*** Block opens ***
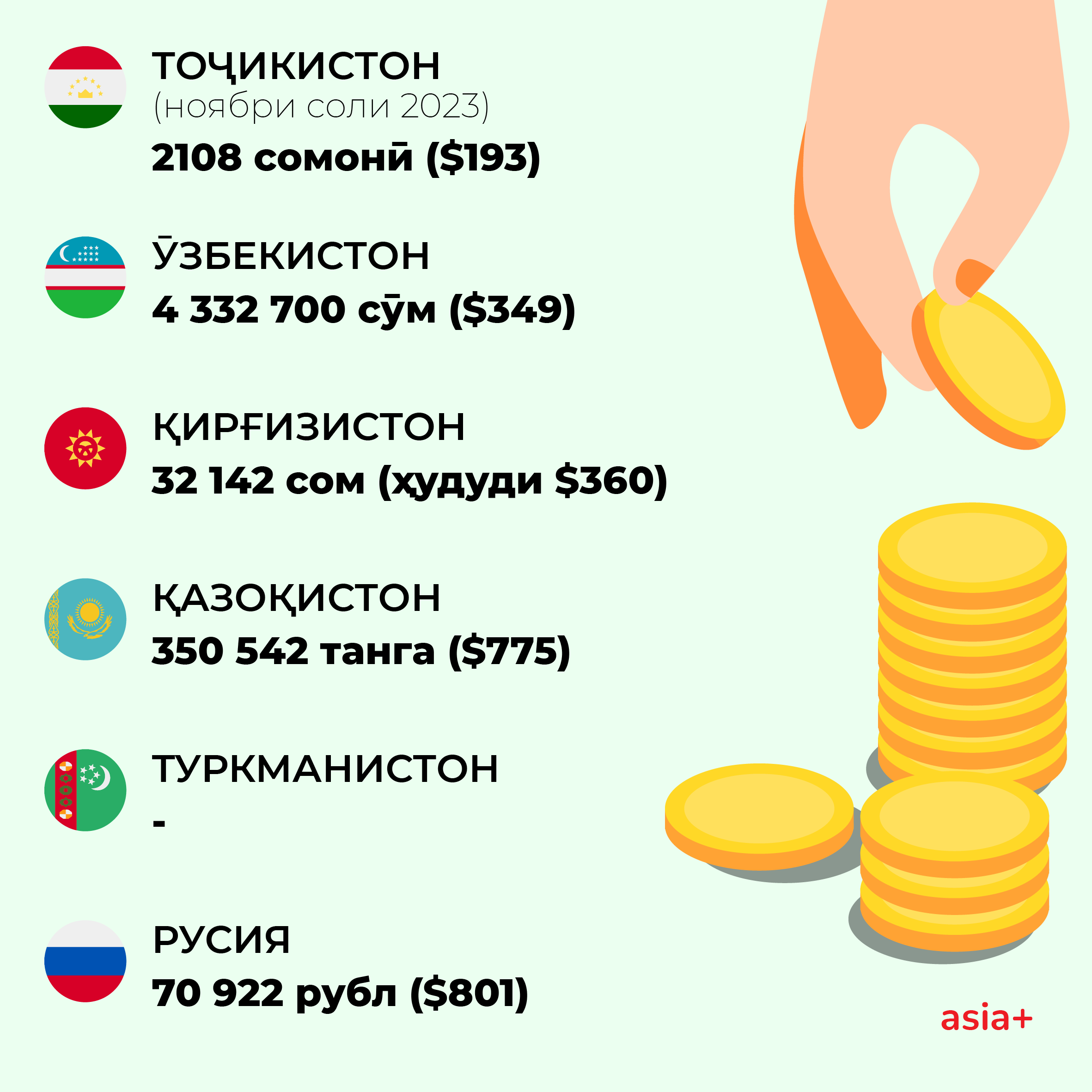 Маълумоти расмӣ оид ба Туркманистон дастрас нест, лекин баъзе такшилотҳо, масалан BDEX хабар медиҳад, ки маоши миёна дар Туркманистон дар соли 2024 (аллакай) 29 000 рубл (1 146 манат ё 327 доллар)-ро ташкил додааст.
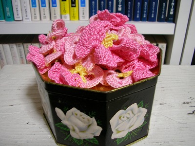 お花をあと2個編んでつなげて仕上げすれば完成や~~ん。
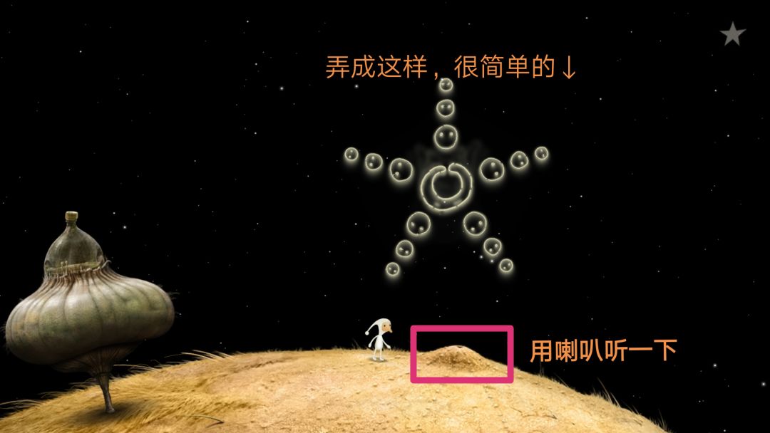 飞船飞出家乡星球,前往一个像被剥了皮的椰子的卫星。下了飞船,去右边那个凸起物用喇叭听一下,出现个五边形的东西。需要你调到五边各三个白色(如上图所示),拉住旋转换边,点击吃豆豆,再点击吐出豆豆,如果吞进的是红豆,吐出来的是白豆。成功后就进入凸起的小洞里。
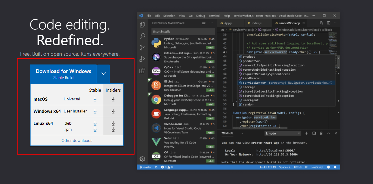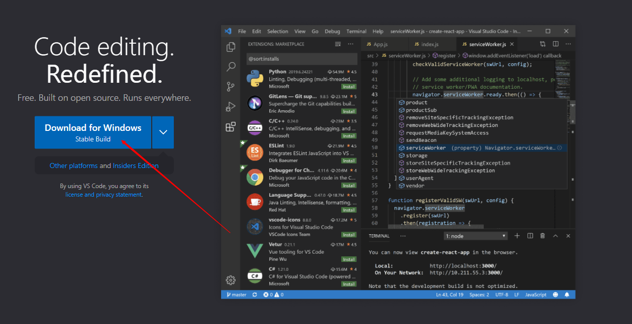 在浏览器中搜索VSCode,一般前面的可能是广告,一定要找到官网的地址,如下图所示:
*** Block closes ***
Exercise brief:
The listing above must be repeated exactly. Its pictures are not part of the copy.

Answer for the task:
 Маълумоти расмӣ оид ба Туркманистон дастрас нест, лекин баъзе такшилотҳо, масалан BDEX хабар медиҳад, ки маоши миёна дар Туркманистон дар соли 2024 (аллакай) 29 000 рубл (1 146 манат ё 327 доллар)-ро ташкил додааст.
 お花をあと2個編んでつなげて仕上げすれば完成や~~ん。
 飞船飞出家乡星球,前往一个像被剥了皮的椰子的卫星。下了飞船,去右边那个凸起物用喇叭听一下,出现个五边形的东西。需要你调到五边各三个白色(如上图所示),拉住旋转换边,点击吃豆豆,再点击吐出豆豆,如果吞进的是红豆,吐出来的是白豆。成功后就进入凸起的小洞里。
 在浏览器中搜索VSCode,一般前面的可能是广告,一定要找到官网的地址,如下图所示:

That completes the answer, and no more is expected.